GIVEN INFORMATION Start Marker
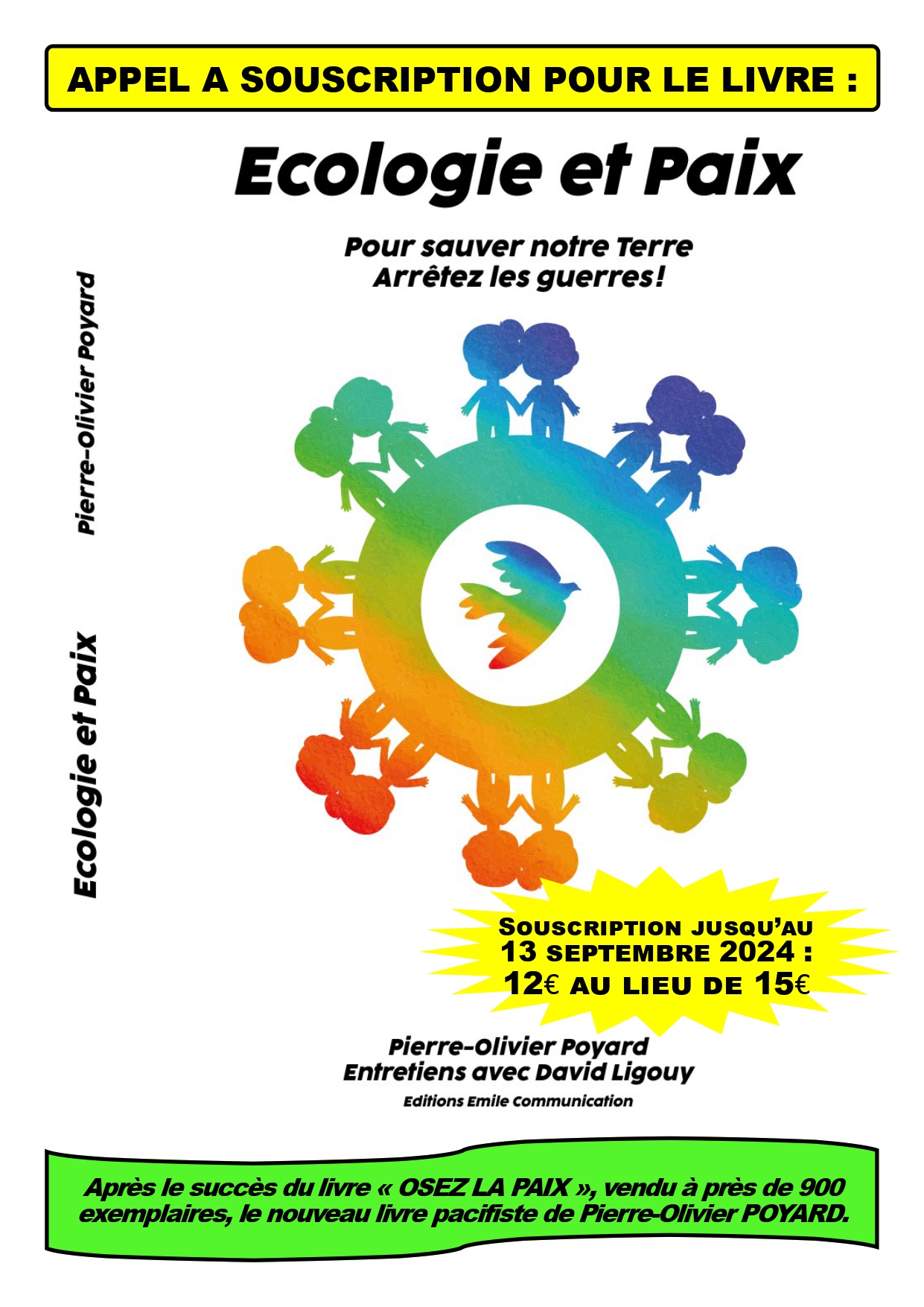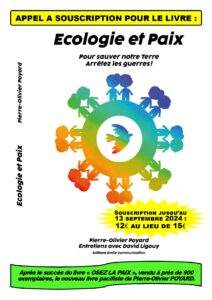 Le nouveau livre de Pierre-Olivier POYARD, « Écologie et Paix: pour sauver notre Terre, arrêtez les guerres », membre du Bureau National du Mouvement de la Paix, est l’objet d’une souscription de lancement, débutée il y a quelques semaines. Sur les 3000€ attendus, 1700€ ont déjà été récoltés, de la part de près d’une quarantaine de souscripteurs. Un courrier à été envoyé la semaine dernière à plus de 700 correspondants.
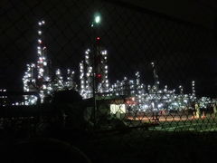 食事の後は鹿島港近くの工場群の夜景を見に行きました。建物の明かりがきれいで迫力があって、幻想的でした。
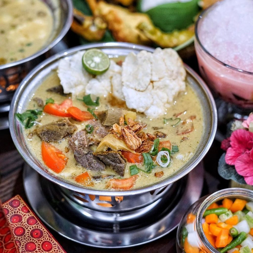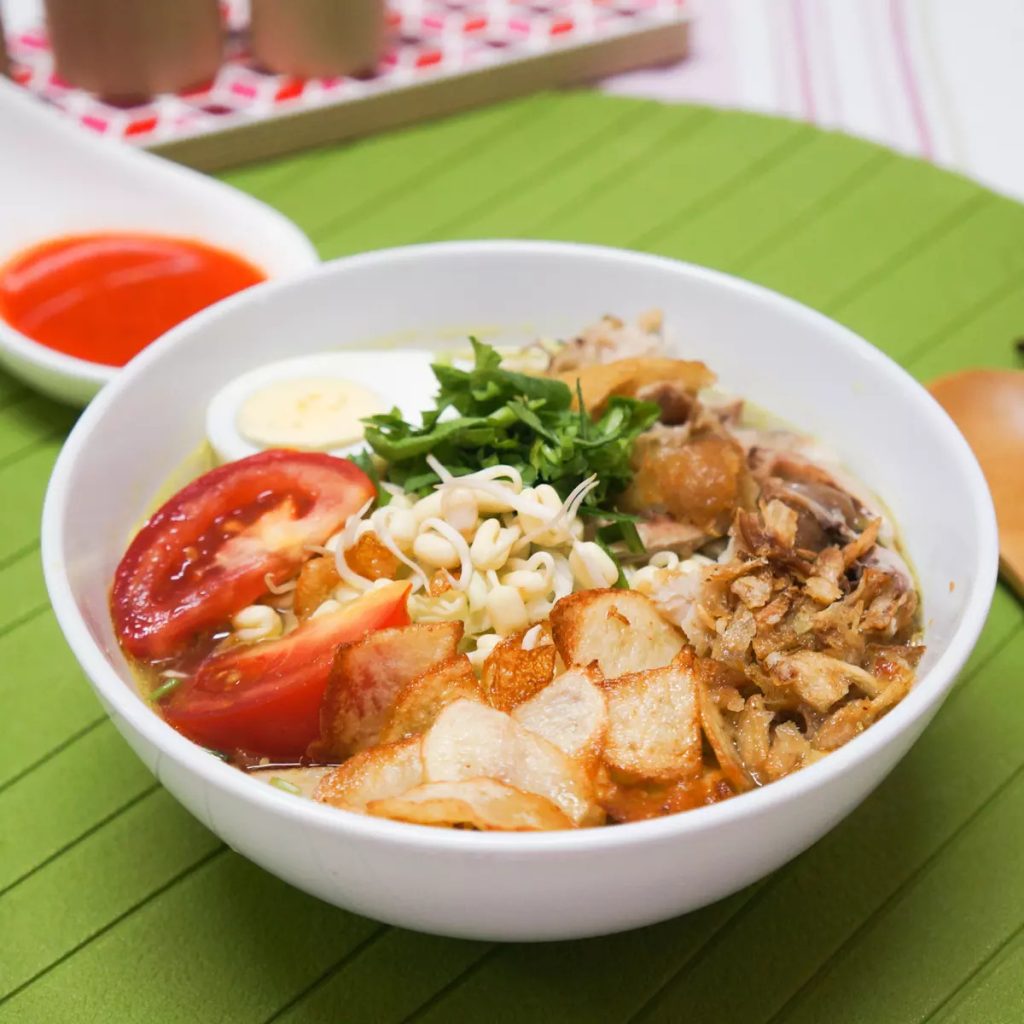 用鸡肉,配以黄色椰奶汤、虾片和蔬菜等原料熬成,富含多种印尼特有香料,喝起来,鸡肉的柔嫩叠加各种香料的浓稠层次,绝对一口入魂。
GIVEN INFORMATION End Marker
Drop the pictures and reproduce the rest of the data above exactly.

 Le nouveau livre de Pierre-Olivier POYARD, « Écologie et Paix: pour sauver notre Terre, arrêtez les guerres », membre du Bureau National du Mouvement de la Paix, est l’objet d’une souscription de lancement, débutée il y a quelques semaines. Sur les 3000€ attendus, 1700€ ont déjà été récoltés, de la part de près d’une quarantaine de souscripteurs. Un courrier à été envoyé la semaine dernière à plus de 700 correspondants.
 食事の後は鹿島港近くの工場群の夜景を見に行きました。建物の明かりがきれいで迫力があって、幻想的でした。
 用鸡肉,配以黄色椰奶汤、虾片和蔬菜等原料熬成,富含多种印尼特有香料,喝起来,鸡肉的柔嫩叠加各种香料的浓稠层次,绝对一口入魂。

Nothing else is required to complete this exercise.